What was your standard? I use all 8 frame mediums, and only took honey above the third box. If i stopped at the fourth box - eq to a double deep more or less - i probably would have called it less than 30%.


----------



## pndwind (Feb 17, 2013)

I began the spring with two hives which over wintered from last year. Of these two hives only one has produced ANY honey at all. These hives are located in an area with lots of pines, pasture, and a small amount of hardwoods. I am beginning to think the foraging is not very good in this area. I will be starting 10 hives there next spring and 5-10 in another location to help with comparison.


----------



## beeware10 (Jul 25, 2010)

If you exceed 15-20% non-productive hives you need to look at your management skills. this is from a commercial view. during the summer we have 1-2 drone layers per yard. these are used as supers and will be made back with spring nucs. good luck


----------



## beemandan (Dec 5, 2005)

My general rules of thumb.
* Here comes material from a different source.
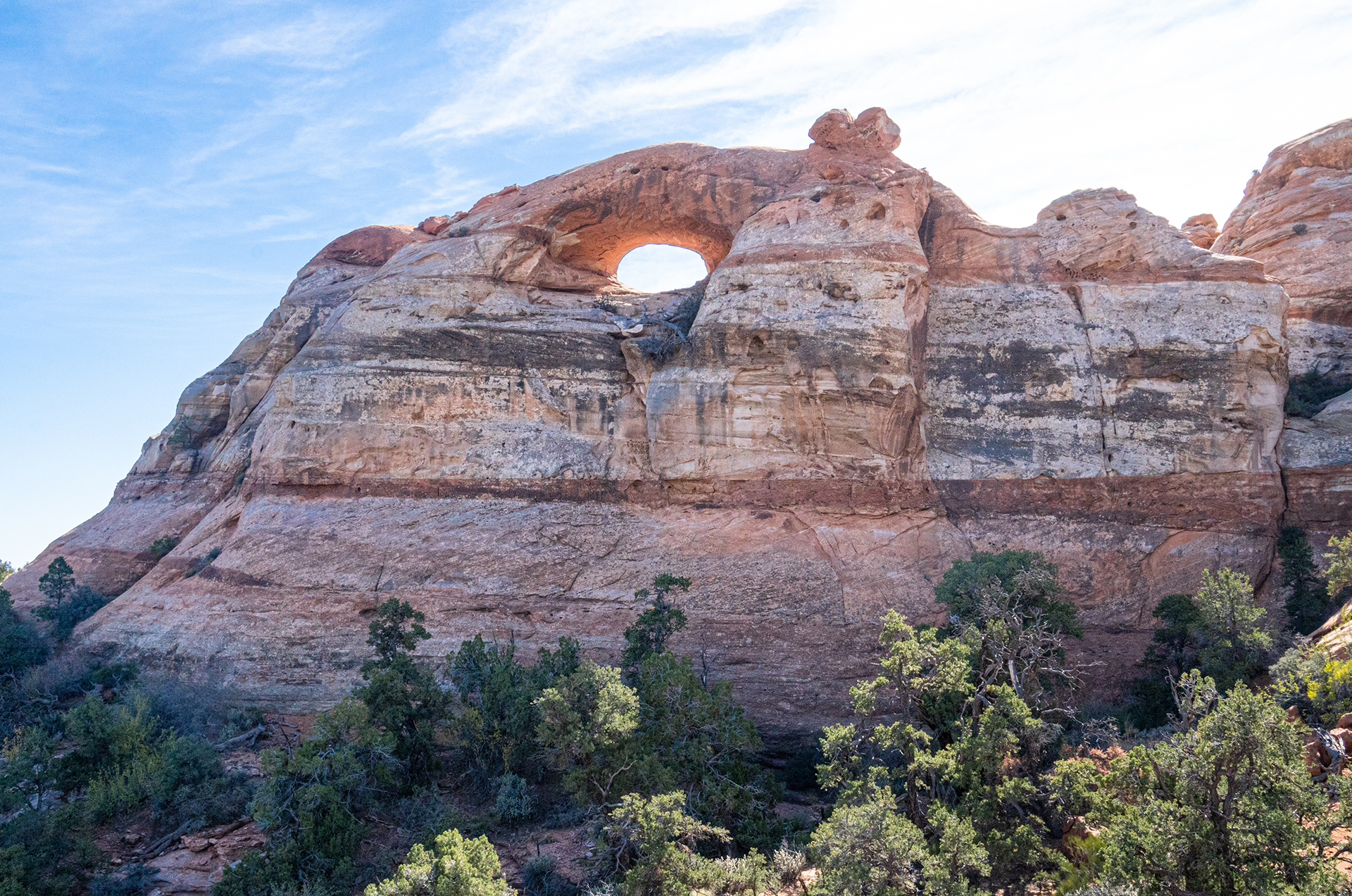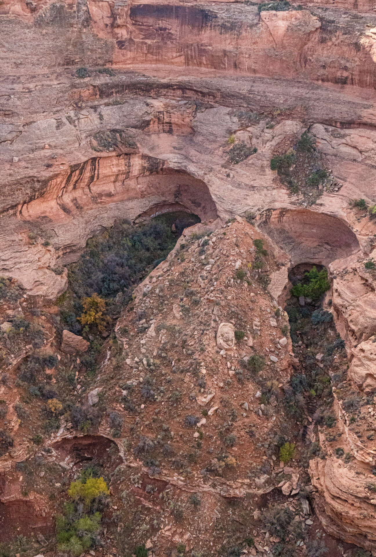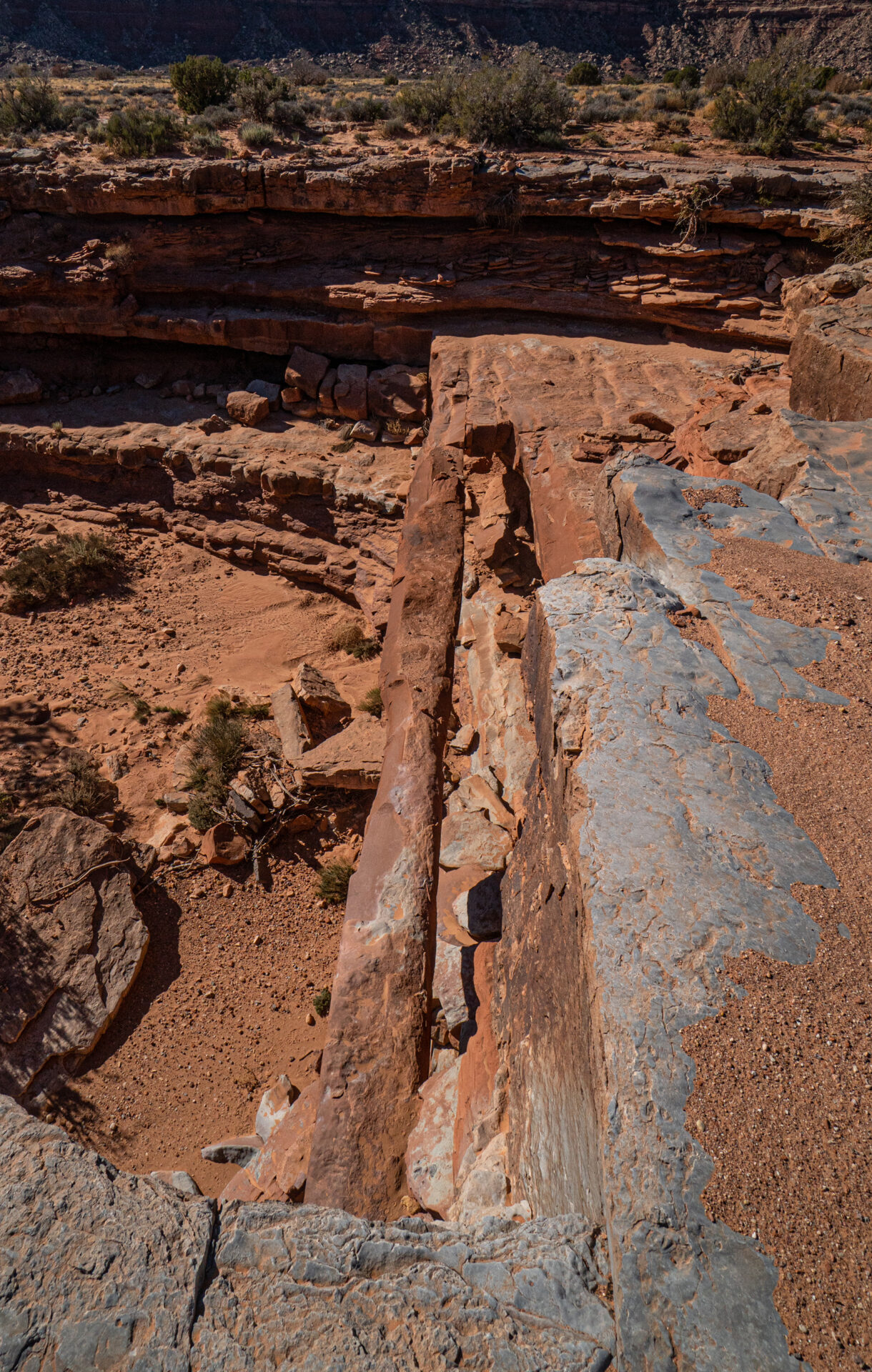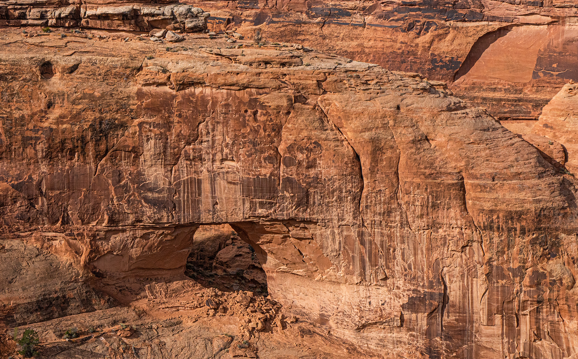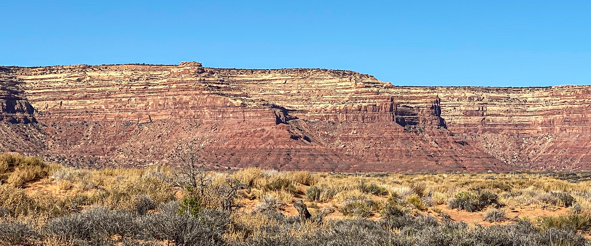 Monday Oct. 31. Joan and I found Red Bar Bridge, a cool feature north of the turn to Goosenecks State Park. We drove 0.9 miles on the dirt road and then walked a straight-line route to the bridge, but that was quite difficult because of very prickly dry tumbleweed. We returned to the car by a slightly longer but much easier route, following the dirt road. Looking at the geology of Goosenecks State Park and also the Mexican Hat balanced rock (which is Cedar Mesa capstone above the Halgaito formation), I will say Red Bar is the Halgaito Formation, the layer underlying the massive Cedar Mesa sandstone. These two are part of the Cutler Group, from the Permian Period.

I can split a hive in the spring. Some more than once. It depends on how quickly they are building up. The important thing is to have a good laying queen, plenty of brood and healthy bees by nectar flow.
All other things equal....and they usually are...and a decent nectar flow. If I can keep a hive from swarming it will produce a significant surplus. If I can limit it to a single swarm it will likely produce a surplus...but noticeably smaller. And if it swarms more than once....it'll probably have to be fed to survive the upcoming winter.
In my opinion, the most significant thing I can do to keep production up is swarm management. Everything else is pretty much out of my control.


----------



## David LaFerney (Jan 14, 2009)

beeware10 said:


> If you exceed 15-20% non-productive hives you need to look at your management skills...


I certainly need better management skills - no surprise there. 

So you are saying that at least 80% of hives which make it through the winter should produce at least some harvestable honey? Or that many should actually produce a profitable honey crop?


----------



## David LaFerney (Jan 14, 2009)

beemandan said:


> In my opinion, the most significant thing I can do to keep production up is swarm management. Everything else is pretty much out of my control.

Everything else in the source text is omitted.